— Твой, но не наш, Злата Юрьевна! И в этом разница! Мы с тобой вот уж год, как вместе, а я не чувствую себя здесь дома! Так, лишь гостем, не совсем желанным, к слову сказать! А посему я не чувствую, что мы с тобой семья. Мои родные, родители, друзья, мне кажется, тебе даже в голову не приходит, что у меня они тоже есть! Я не стану скрывать, да тебе, собственно, это и без того известно, я никогда не питал особой привязанности к этой деревне. И я не собираюсь оставаться здесь только затем, чтобы не дать ей окончательно умереть, как это делаешь ты, цепляясь за то, что заведомо проиграно. Вот только ты позволяешь себе уехать и развеяться, а я должен оставаться и ждать тебя здесь. Я не хочу, чтобы этой зимой мы остались здесь. Я не могу. Летом мы могли бы приезжать сюда или на дачу моих родителей, как угодно. Но зимой, сейчас, среди жалкой кучки стариков можно просто рехнуться! Я хочу жить в квартире, как все нормальные люди, в городе, имея возможность куда-то выйти, сводить ребенка. Ты через несколько дней снова уедешь, а что прикажешь делать мне?
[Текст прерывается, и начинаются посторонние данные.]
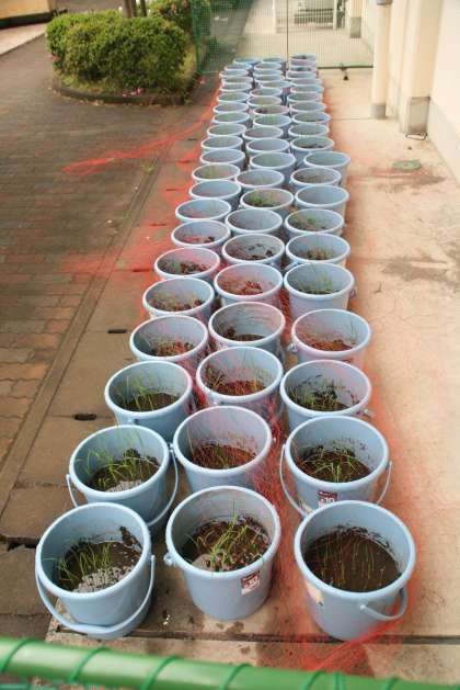 5年生が、総合的な学習の時間で、バケツ稲作りを始めました。
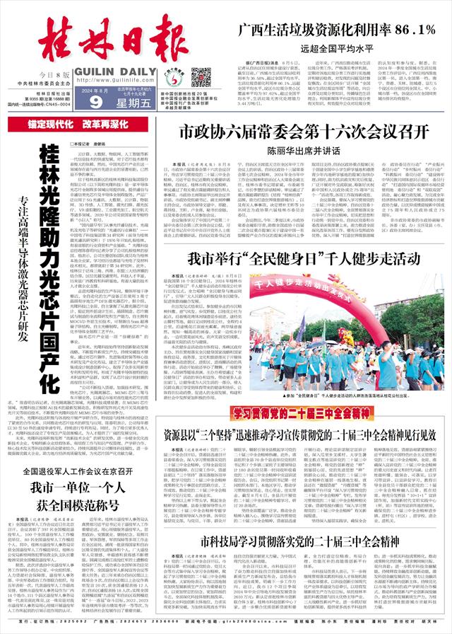 市政协六届常委会第十六次会议召开 陈丽华出席并讲话   本报讯(记者周文俊)8月8日,市政协六届常委会第十六次会议召开,传达学习贯彻党的二十届三中全会精神,习近平总书记近期有关重要讲话精神,自治区、桂林市有关会议精神,审议通过了有关重点课题调研报告和人事事项。市政协主席陈丽华出席会议并讲话,市政协党组副书记、副主席钟麟主持会议,市政协领导文建中、郑毅、蒋昌桂、王昕、卢全喜,秘书长徐熔,以及常委会组成人员参加会议。
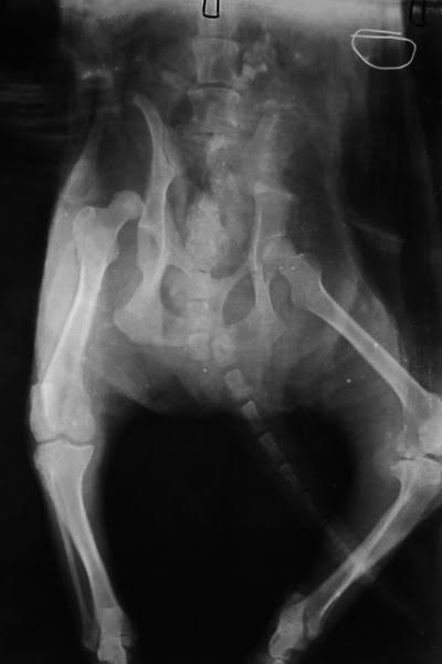 Durante o exame clínico foi-lhe diagnosticada uma luxação coxo-femoral traumática (desarticulação da cabeça do fémur com a bacia). O animal também estava desidratado e subnutrido.

Честно, бывает, я не хочу уходить с работы и ехать сюда, потом еще и за Маняшей идти к Тимофеевне и видеть ее недовольно поджатые губы. Ты знаешь, я не такой жизни хотел для нас с тобой. И не так я все себе представлял. Я хочу, чтобы мы были семьей. Хочу, чтобы ты была, а тебя нет. Я думал, ты любишь меня, я нужен тебе, а это не так. У тебя в приоритете твоя карьера, и ты отдаляешься, а я не понимаю, что делаю здесь и зачем!
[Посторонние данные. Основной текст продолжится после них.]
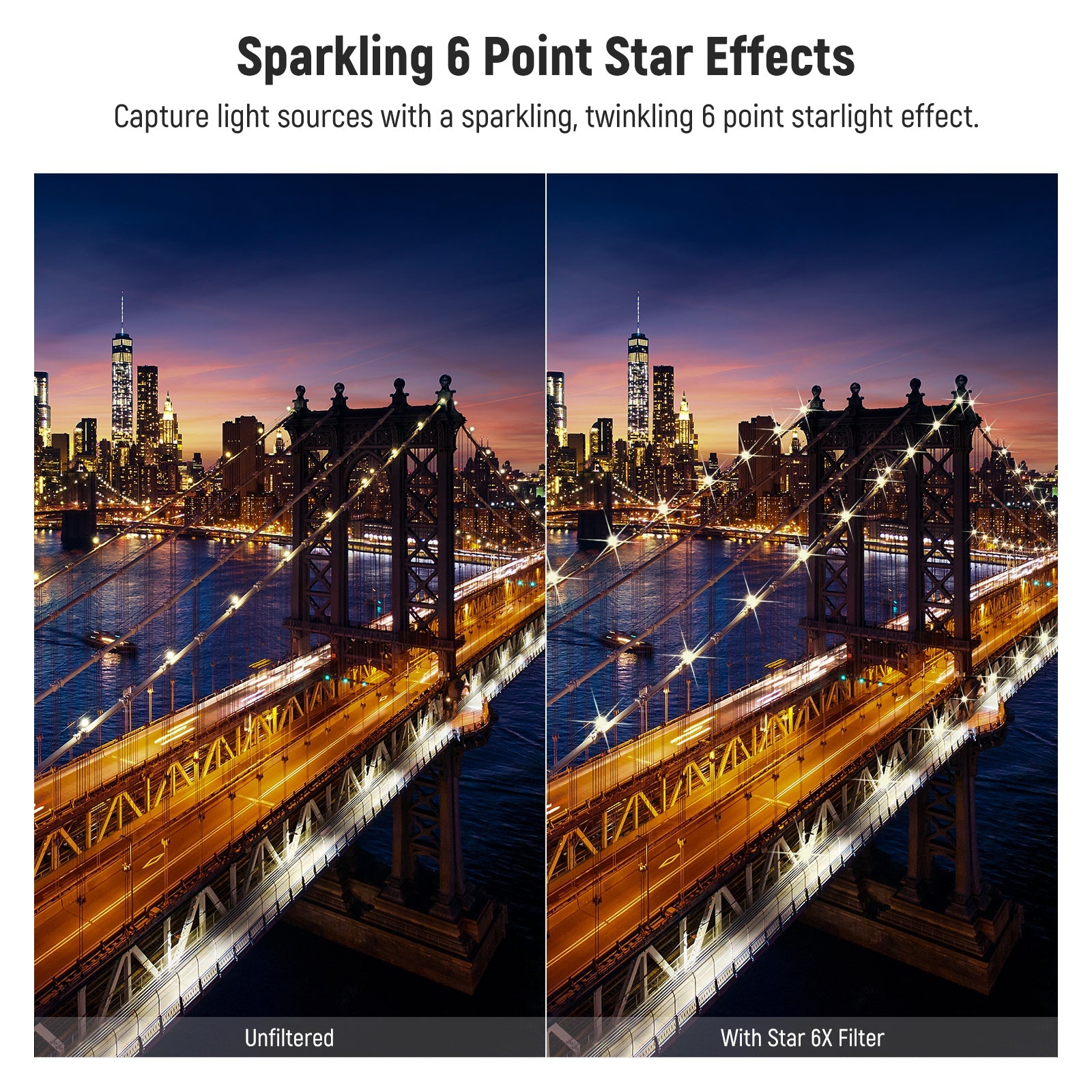 - Sparkling 6 Point Star Effects- Capture light sources with a sparkling, twinkling 6 point starlight effect. Perfect for night photography, festivals, creative portraits, weddings, action packed scenes, and artistic shoots as essential and must have accessories for content creators/influencers' gimbal camera gears
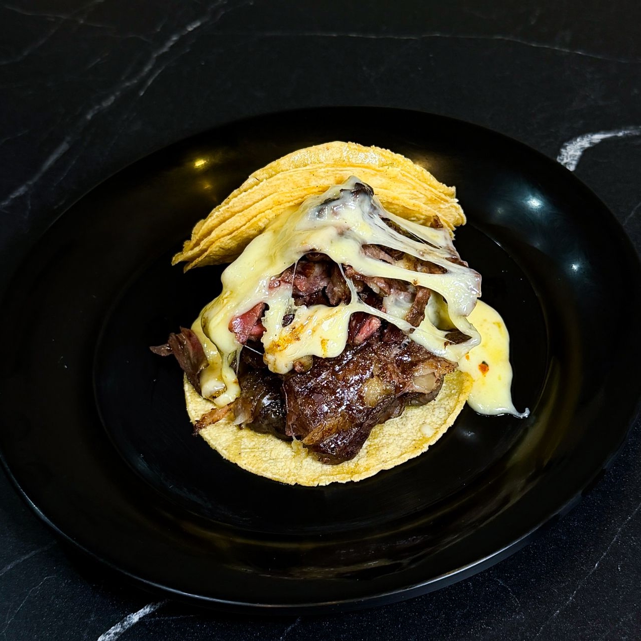 Quesadilla con mezcla de sirloin y pastor en tortilla de maíz.
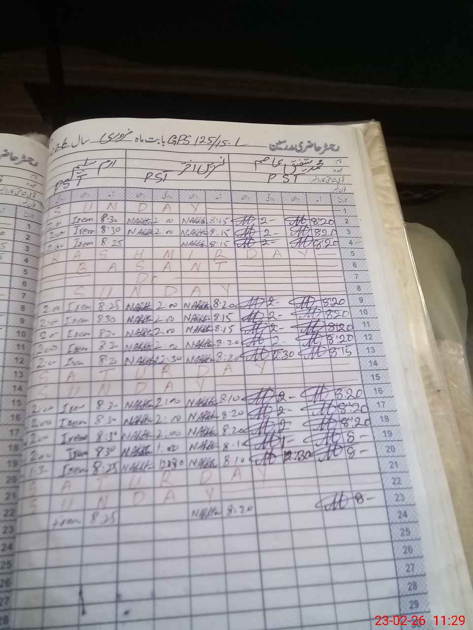 | CNIC | Full Name | Designation | R/C | Absence During Last Calender Month |
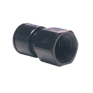 DM Fit 8mm push fit x 3/8" BSP (cone end) female adaptor manufactured from a black acetal copolymer, which is a safe and non-toxic material suitable for potable liquids and applications involving foodstuff.

— Это не так… — принялась горячо протестовать Полянская, но Дорош остановил ее небрежным жестом.
— Так я загляну в газету? Посмотрю, что там предлагают по съемным квартирам? — спросил он, не сводя с нее глаз.
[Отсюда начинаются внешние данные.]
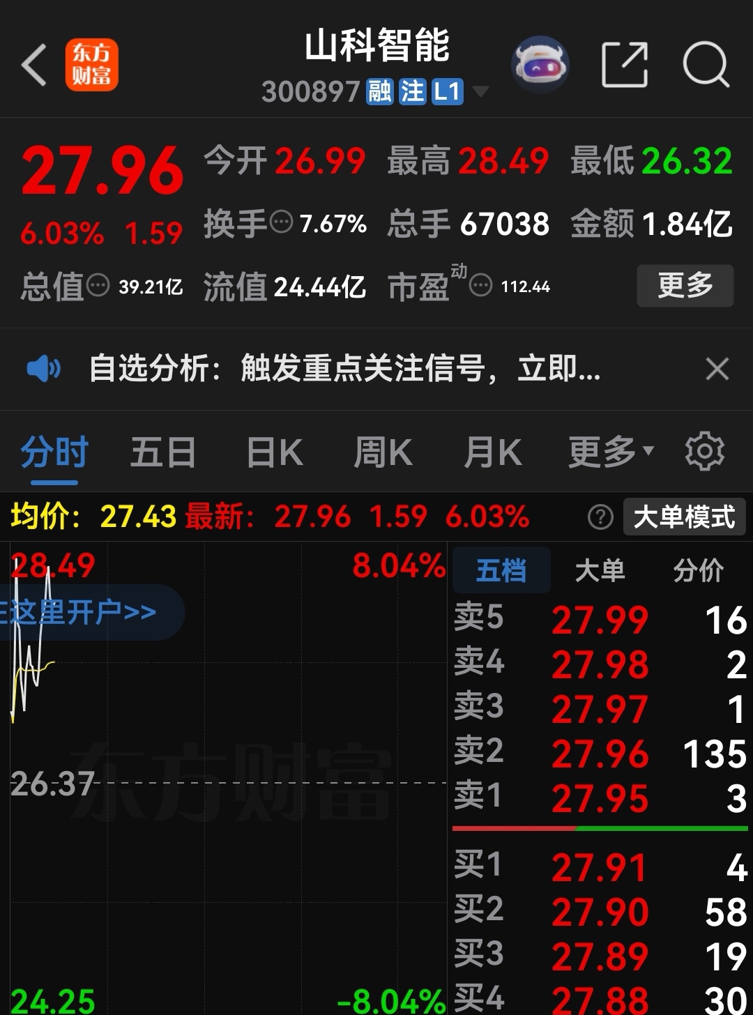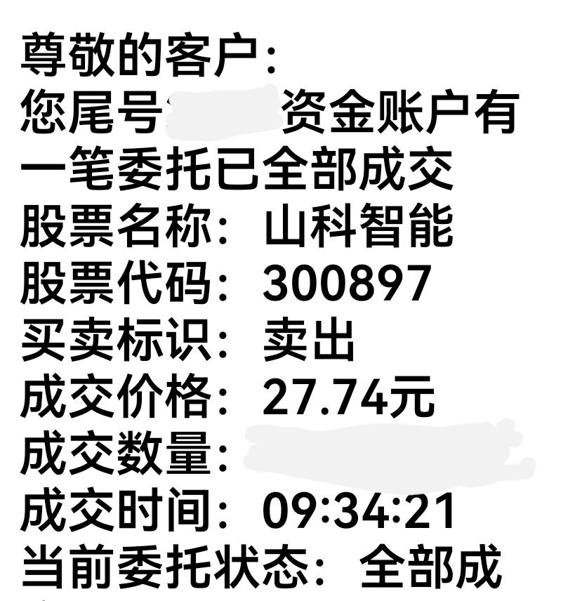 以27.38下单卖出24.58买的山科智能,结果以27.74成交了,卖是卖掉了,
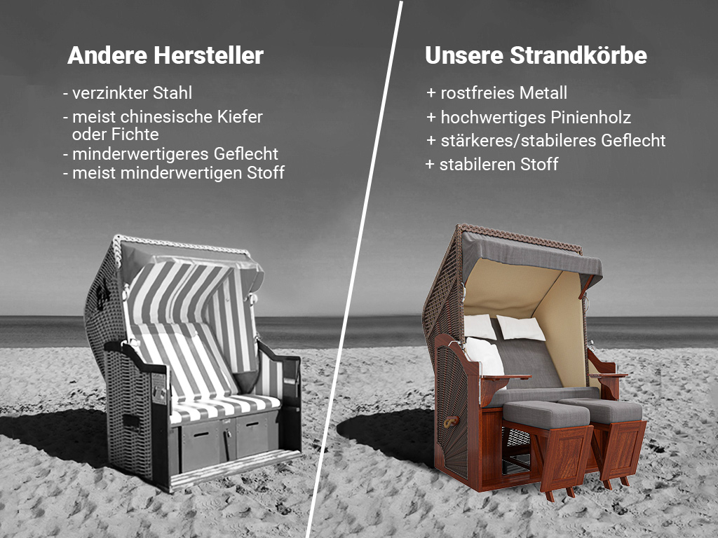 De extra dikke zitkussens maken je Strandkorb bijzonder zacht en gezellig. Zo kun je heerlijk ontspannen, van de zon genieten en dromen van je volgende vakantie aan zee.

— Ты ставишь меня перед выбором?
— Нет, просто предлагаю, наконец, определиться с тем, что главнее для тебя в жизни! — ответил он.
Злата отвернулась и покинула дом. Она знала, что так будет, это когда-нибудь произойдет. Он никогда не примет ее образ жизни, не поймет. Не станет поддержкой и опорой, скромно оставаясь в ее тени, будучи всего лишь гражданским мужем и отцом ее дочери. Дорош на это не пойдет. С его-то самолюбием… То, о чем он говорил, то, что предлагал, было совершенно невозможно для нее. Никогда, никогда она не оставит Горновку, что бы ни произошло и как бы ни сложилась жизнь, пусть даже и потом, когда здесь больше не останется никого. Он причинял ей боль, делая это как будто намеренно. Злился, имея на это право, но ведь знал же, так будет. Ульяна подрастет, и она снова с головой окунется в свою карьеру артистки, и по-другому не будет. Он бил по самым чувствительным местам. Горновка, сцена, он сам — все было главным в ее жизни, не считая детей и ее семьи.
Он предлагал ей определиться, а она не могла. Подобный выбор был не под силу Злате Полянской, но что делать и как быть, она не знала. Девушка пробиралась сквозь непроглядную тьму ноябрьской ночи, ориентируясь на единственный фонарь посреди деревни, а по щекам катились слезы. Было так больно и так одиноко, а рядом никого, кто мог бы понять и дать совет. Придется звонить Ирине Леонидовне и отменять запланированные новогодние выступления и эфиры, да и график концертного тура следует исправить. В конце концов, это была всего лишь работа. А Виталя…
Не он ли был тем, о ком она мечтала с тех самых пор, как встретила его? Быть с ним вместе… Разве это не то, ради чего она могла от многого отказаться? Или ей так казалось, пока мужчина оставался чужим? А теперь, когда она получила то, чего желала так долго, неужели ради своей карьеры и амбиций она готова потерять любовь? Любовь… Вот только и любовь ее претерпела некоторые изменения, столкнувшись с трусостью и предательством. Но, может быть, так и должно было быть. Их первая бурная весна давно осталась позади, постель была почти единственным, что все еще связывало их, но и она по большому счету являлась самообманом. Надежды рассыпались, и уже не верилось в них. А их безумное влечение друг к другу не могло заменить понимание, уважение, участие и поддержку. Ей так часто хотелось поговорить с ним, о многом рассказать и порадоваться вместе с ним. Вот только ему все это было не интересно, и он не считал своим долгом скрывать это. И все же как ни пыталась убедить себя во всем этом Злата по пути к бабе Мане, да и там, сидя на диванчике в темноте кухоньки, обхватив колени руками, не получалось у нее смириться. Она была не из тех людей, которым можно подрезать крылья и посадить в клетку, пусть даже золотую.